House panel approves subpoenas for emails of Ivanka Trump, Jared Kushner

A sharply divided House panel voted Thursday to authorize subpoenas for the White House emails and electronic communications sent on private devices by Ivanka Trump, her husband Jared Kushner and others.

The decision came after a feisty partisan debate that at times touched on the controversy involving former Secretary of State Hillary Clinton’s use of a private email server, as well as earlier — and unrelated — testimony from former special counsel Robert Mueller.

The House Committee on Oversight and Reform voted 23-16 on party lines to authorize subpoenas for the records of “non-career officials at the White House.” They include the president’s daughter Ivanka Trump, Kushner and former chief strategist Steve Bannon.

Legal counsel for Ivanka Trump has said that she quickly took action two years ago, after learning her communications might violate federal guidelines.

Before the vote, members of both parties sparred over what Republicans complained is a “fishing expedition.” Democrats argued they need to uphold the Presidential Records Act and federal guidelines for White House communications.

Several times during the debate, Rep. Elijah Cummings, D-Md., had to gavel the proceedings back to order as lawmakers at times talked over each other.

“Shame on this body,” said Rep. Chip Roy, R-Texas, after criticizing Democrats for not taking on broader issues that he said were more important to Americans.

“We’ve heard from you,” said Rep. Gerry Connolly, D-Va.

“And you’ll continue to hear from me, in defense of this country,” Roy said, as Cummings again intervened.

Rep. Jamie Raskin, D-Md., said the committee needed to be consistent in its protection of White House communications, referring to the “hullabaloo” caused years earlier by the discovery that Clinton had emails on her private server.

“The personal counsel for Jared Kushner and Ivanka Trump confirmed to the committee that Ivanka Trump continues to receive emails related to official business on her personal email account,” Raskin said.

But Rep. Jim Jordan, R-Ohio, suggested the situation involving Clinton was more serious, involving tens of thousands of emails that were destroyed. President Donald Trump at one point tweeted a report from a conservative news outlet suggesting that Clinton’s emails had been hacked, which the FBI denied.

“I can’t think of a single reason for this request … aside from wanting to pursue the emails of the president’s daughter and son-in law,” Jordan said, calling it “inappropriate” and an abuse of the committee’s authority.

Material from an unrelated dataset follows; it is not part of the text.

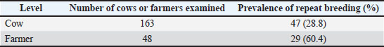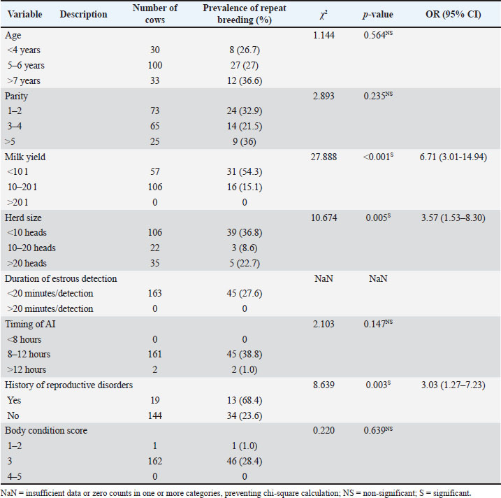 Prevalence of repeat breedingThe prevalence of repeat breeding was 28.8% (47/163) and 60.4% (29/48) at the individual and farmer levels, respectively (Table 1). Analysis of risk factors at the cow levelAt the cow level, where repeat breeding was detected in 28.8%, several risk factors were analyzed to determine the associated factors (Table 2). No significant association (p > 0.05) was observed between factors such as age, parity, timing of AI, and body condition score with repeat breeding. However, milk yield, herd size, and history of reproductive disorders were significantly associated (p < 0.05). Among cows producing less than 10 l of milk per day, 54.3% were repeat breeders, compared with only 15.1% among cows producing 10–20 l of milk per day. Although the overall chi-square test for milk yield was significant (χ²=27.888, p < 0.001), the group producing >20 l/day had no cows and was excluded from the post-hoc analysis. Cows producing less than 10 l/day had 6.71 times the odds of repeat breeding compared with those producing 10–20 l/day. For herd size, repeat breeding occurred in 36.8% of cows in herds with fewer than 10 cows, compared with 8.6% in herds of 10–20 cows and 5% in herds of more than 20 cows. A significant association was found between herd size and repeat breeding (χ²=10.674, p=0.005). Cows in herds with fewer than 10 cows had 3.57 times greater odds of repeat breeding than those in larger herds. Post hoc pairwise comparisons were performed between the three herd size categories (<10, 10–20, and >20 heads), and p-values were adjusted using Bonferroni correction to account for multiple comparisons (Supplementary File). The comparison between cows in herds with fewer than 10 animals and those in herds with more than 20 animals revealed a statistically significant difference, with cows in smaller herds having 3.49 times higher odds of experiencing repeat breeding (OR=3.49, 95% CI: 1.25–9.74; Bonferroni-adjusted p=0.0370). Although the comparison between <10 and 10–20 head herds suggested elevated odds (OR=3.69, 95% CI: 1.02–13.26), it did not remain significant after adjustment for multiple comparisons (Bonferroni-adjusted p=0.1357). No significant difference was observed between the 10–20 and >20 head herd groups (p=1.000). Finally, 68.4% of the cows with a history of reproductive disorders were repeat breeders, whereas only 23.6% of the cows without such a history experienced repeat breeding. A significant association was found between a history of reproductive disorders and repeat breeding (χ²=8.639, p=0.003). Cows with a history of reproductive disorders had a 3.03 times higher chance of repeat breeding than those without a history of reproductive disorders. Analysis of risk factors at the farmer levelDespite the high prevalence of repeat breeding at the farmer level (60.4%), no significant relationships (p > 0.05) were found between the high prevalence of repeat breeding and any variables investigated due to a lack of response variance (Table 3). DiscussionEnrekang Regency has the largest dairy population in the eastern part of Indonesia. However, the Central Bureau of Statistics showed that the population of dairy cows has decreased considerably since 2020, at 1011, 1026, 1016, and 565 heads in 2021, 2022, and 565 heads in 2023 (Central Bureau of Statistics, 2024). This might be due to the typically low reproductive performance of smallholder farms. Yusuf and Sahiruddin (2020) stated that the reproductive performance of dairy cows in Enrekang Regency was 2.05 ± 1.49 times, 214.79 ± 166.35 days, 274.51 ± 5.10 days, and 490.16 ± 167.81 days for service per conception times, interval from calving to conception, duration of pregnancy, and calving interval, respectively. Furthermore, the prevalence of repeat breeding in dairy cows reached 31.57% for primiparous and 29.62% for pluriparous cows in 2021 (Muhuruna et al., 2023). According to the sociodemographic results, which were similar to Nadhira and Sumarti (2017), most farmers were men because women often do not fully control livestock farming in Indonesia, and decision-making by females remains primarily at the household level. The current problem in the agriculture sector is the low youth interest in becoming farmers, with only 4.2% of farmers being old. This condition may threaten the sustainability of future agricultural businesses (Prayoga et al., 2020; Nurlaela et al., 2022). However, in addition to age, education level may influence access to information and understanding of management practices (Athambawa et al., 2021). Owing to the importance of the farm economy, repeat breeding has been intensively investigated in many countries and areas. Juliana et al. (2015) reported a prevalence of repeat breeding in beef Bali cows in Pringsewu Regency of 19.85%, while Nasution et al. (2021) reported a prevalence of 17.3% in beef cattle in North Labuhanbatu Regency. Similarly, Subagio et al. (2019) found a 21.12% prevalence of repeat breeding in Jombang beef cows. Yusuf et al. (2012) and Damayanti et al. (2020) also reported a higher incidence of repeat breeding in dairy cows in Sinjai and beef cattle in Banyuwangi Regency, reaching 62% and 64%, respectively. At the farmer level, the prevalence rate of repeat breeding among dairy cow farmers was 20.64% in Batu and 29.4% in Daerah Istimewa Yogyakarta (Prihatno et al., 2013; Arningdiah et al., 2024). The results showed that the prevalence of repeat breeding in Cendana District, Enrekang Regency, at the cow level (28.8%) was comparable to recent studies by Muhuruna et al. (2023), which observed a 31.57% and 29.62% prevalence for primiparous and pluriparous cows, respectively. In contrast, the prevalence of repeat breeding at the farmer level (60.4%) was significantly higher than that in previous studies. The prevalence of repeat breeding may differ based on the characteristics of the area and sociodemographics. In Indonesian smallholder farms, where
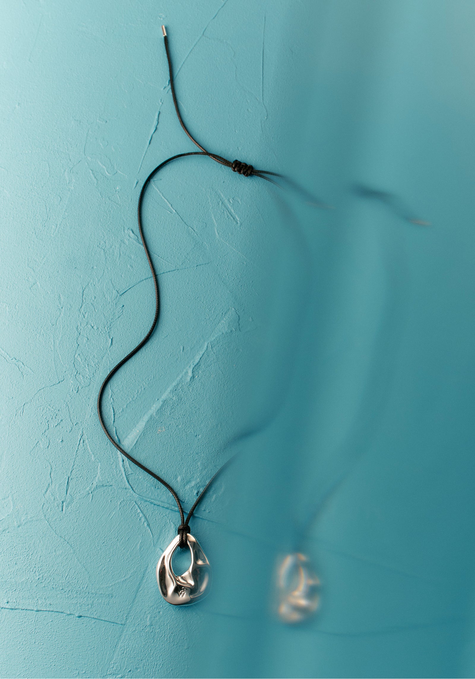The Organic Pendant Necklace is a confident, artful statement crafted in sterling silver. Showcasing an organic-shaped pendant with subtle debossed V&W branding, it effortlessly transforms your everyday outfitting.

Kushner, a White House senior adviser, has come under scrutiny for using WhatsApp — an encrypted messaging application — to reach out to foreign contacts.

As lawmakers discussed the matter of subpoenas, the political after effects of Wednesday’s hearings featuring Mueller were still in play.

“Yesterday, right next door, Democrats had Bob Mueller testify,” Jordan said, referring to the nearby hearing room for the House Judiciary Committee. “They were hoping his testimony would help their crazy impeachment plans. Instead, it was a total bust.”

Jordan said Democrats didn’t “waste any time” going after the emails of the president’s family, saying it’s “purely for politics.”

But Democratic members said they are trying to keep the Trump administration accountable.

After presiding over the contentious hearing, Cummings gaveled it to a close.

“And have a good recess,” he said, as lawmakers filed out. After this week, the House will be in recess for the rest of the summer, with lawmakers scheduled to return Sept. 9.